Smith reported that detail at a school board meeting Wednesday evening.
This is more than one small step toward getting the program off the ground, according to officials of the local Challenger program.
“We at Challenger are very excited about the resolution for many reasons, not the least of which is that ICTC’s tremendous success in educating Indiana County students in the technical fields will resonate strongly with potential corporate and foundation donors,” program leaders wrote in a news release. “Challenger’s goal is to continue that legacy.”
The space education program has been under study since July 2012, and has picked up momentum over the past month.
The Challenger Foundation, set up with the goal of promoting space and science education following the explosion of the Challenger space shuttle 27 years ago, has authorized about 50 learning centers around the world and in July granted an application by Indiana Area School District and Homer-Center School District to establish one in Indiana County.

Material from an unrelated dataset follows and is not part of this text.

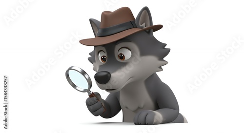 wolf, animal, cartoon, detective, magnifying, glasses, character, grey, brown, hat, isolated, illustration, graphic, digital, cute, design, pet, inquisitive, friendly, playful, image, graphic design, digital artwork, white, background, entertainment

An ad hoc committee directed by Indiana attorney Julia Trimarchi Cuccaro first studied the academic and financial viability of starting such a center before recommending moving ahead with the project. Construction of a new building and outfitting it with classrooms modeled after NASA’s Mission Control center in Houston and the labs used by astronauts on the International Space Station, along with budgeted operating costs for the first year, are estimated at $3 million.
The committee and others from the Indiana and Homer-Center districts have said the center would be funded by private-sector contributions and user fees rather than public tax dollars.
The resolution by the ICTC operating committee “is an exciting opportunity for both organizations to offer enhanced STEM (science, technology, engineering and mathematics) programs for the communities in our region, particularly Indiana County,” said Vicki Smith, chairwoman of the ICTC committee and president of the Homer-Center school board.
“This is a huge step forward in establishing a regional Challenger Learning Center here in Indiana County,” said Walter Schroth, a representative of the Indiana Area School District board of directors. “To have accomplished this today tells me that there is a high demand to increase STEM opportunities in this region. This is really good news for our entire community.”
The Central Allegheny Challenger Learning Center has been designated to serve 22 counties in central and western Pennsylvania as a destination for all-day science class field trips and corporate training programs.